Durante lo smantellamento della Tamoil sono affiorati appena sotto il massetto cementizio della pavimentazione a 40 centimetri di profondità tratti significativi del bastione delle mura spagnole a sinistra della Porta Comasina. È la cuspide più avanzata delle mura spagnole a nord, sulla via Comasina, il primo baluardo a destra del Castello. 

I resti rinvenuti permettono di leggere la conformazione della pianta a triangolo acuto del baluardo fortificato con i suoi contrafforti interni, nota dalla cartografia storica. All'esterno correva il fossato difensivo. Altri resti corrono paralleli alla Fondazione Feltrinelli; una porzione più consistente in elevato, in mattoni e blocchi in ceppo d'Adda, è stata attentamente restaurata. Il bastione fa parte delle mura lunghe circa 11 chilometri (le più estese in lunghezza a quell'epoca in Europa), realizzate tra il 1550 e il 1560 per ordine di  Don Ferrante Gonzaga, governatore di Milano, che saldandosi alle fortificazioni a stella intorno al Castello, ampliavano la città e ne disegnavano la forma a cuore. Esse la cingevano con un fossato all'esterno e con poderose muraglie sostenute all'interno da contrafforti voltati e da un terrapieno. Perduta la funzione difensiva, nella seconda metà del Settecento gli spalti vennero trasformati in passeggiata panoramica, sistemati con giardini pensili e filari di alberi, dove passeggiare o andare in carrozza. Con l'apertura del nuovo asse verso il cimitero Monumentale si realizzarono nel 1880 sulla punta i due caselli daziari di Porta Volta di Cesare Beruto. 
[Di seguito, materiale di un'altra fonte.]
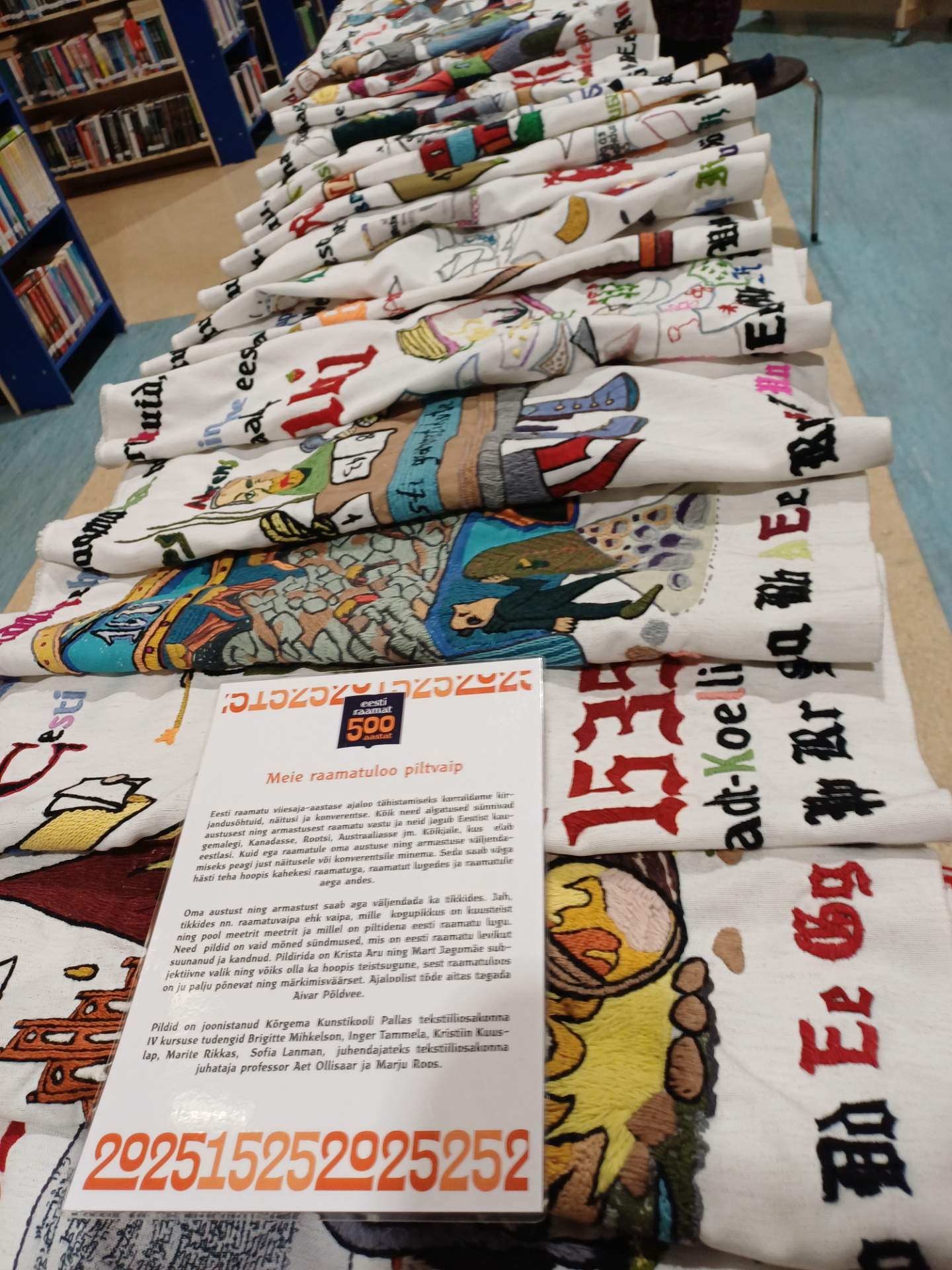 11. veebruaril alustati Eesti Raamatu Aasta raames Kõrgem Kunstikool Pallas raamatukogus Eesti raamatu loo piltvaiba tikkimist – peaaegu 17 meetrit kultuuri ja ajalugu

La Soprintendenza è intervenuta indicando nuove prescrizioni per la futura edificazione dell’area, in modo da escludere ogni interferenza con i ritrovamenti archeologici: il progetto per il nuovo edificio è stato così modificato prevedendo una riduzione dell'area effettivamente edificabile (circa 600 metri quadrati) e dei diritti edificatori collocabili, passati da 3035 a 2816 metri quadrati di superficie lorda di pavimento con destinazione terziario. Secondo la nuova configurazione, sui 2200 metri quadrati compresi tra viale Montello e via Volta nascerà un edificio più piccolo rispetto alla Fondazione Feltrinelli, spazi pubblici per 700 mq, finalizzati alla valorizzazione degli scavi, e una nuova area verde di 550 mq adiacente al Giardino Condiviso di Lea Garofalo, l'area verde di circa 1800 mq gestita dai cittadini, che verrà preservata. Entro la fine del 2019 l’area comunale verrà messa a bando per individuare uno sviluppatore privato che realizzi l’intervento.
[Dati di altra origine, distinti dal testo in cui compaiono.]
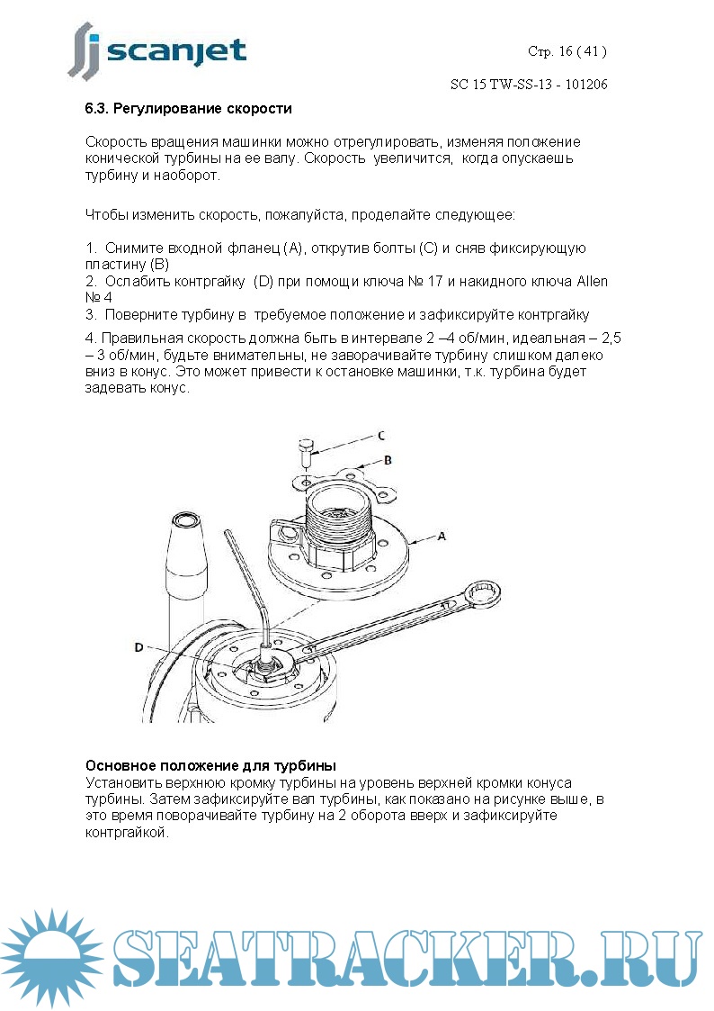 Год выпуска: 2010 Язык: русский Автор: www.scanjet.se Жанр: Инструкция Формат: PDF Качество: Изначально компьютерное (eBook) Количество страниц: 41 Описание: Машинка мойки танки SCANJET, модель SC 15TW предназначена для мойки грузовых и слоп-танков у химовозов/продуктовозов, а также других танков. Размер, конструкция и требования к мойке этих танков являются проектными данными и рассматриваются до установки машинок. Моечную машинку типа SC15 TW можно использовать как стационарную, так и как переносную. Процесс мойки начинается с открытия клапана для моющей среды. Поток воды проходит через турбину внутри машинки, и сопла будут вращаться, создавая картину мойки внутри танка. По окончании процесса мойки клапаны необходимо закрыть. Машинка SC15 TW стандартно поставляется с двумя или четырьмя соплами, размер сопла от Ø6 мм до Ø 10 мм. Данная инструкция была подготовлена для содействия персоналу, который будет эксплуатировать и обслуживать моечные машинки. Ключ для продолжительного срока службы машинки – качественное регулярное обслуживание. Машинка выполняет грубую и грязную работу для вас. Качественный уход за машинками SC15 TW продлит срок их службы.

Come previsto da un ordine del giorno legato al Piano di Governo del Territorio approvato il 14 ottobre, inoltre, gli oneri di urbanizzazione legati alla realizzazione del progetto saranno vincolati - oltre alle sistemazioni dell'area ed alla manutenzione dei caselli già previsti dal piano - alla piantumazione di un’area oggi adibita a parcheggio lungo i Bastioni di Porta Volta e la realizzazione di un filare alberato lungo viale Pasubio.

L’Amministrazione ha già elaborato un’ipotesi di progetto per i due interventi ambientali che andranno a dialogare con il parco lineare di 3300 metri quadrati in corso di realizzazione lungo viale Crispi e la nuova area verde che sorgerà accanto alla seconda piramide. In particolare, si prevede un nuovo filare alberato di 250 metri composto da circa 35 alberi lungo viale Pasubio e una nuova area verde di circa 2000 metri quadrati lungo i Bastioni di Porta Volta. Il nuovo intervento porterà inoltre il rifacimento di tutti i marciapiedi lungo viale Montello e via Volta e il completamento del percorso ciclopedonale lungo viale Montegrappa.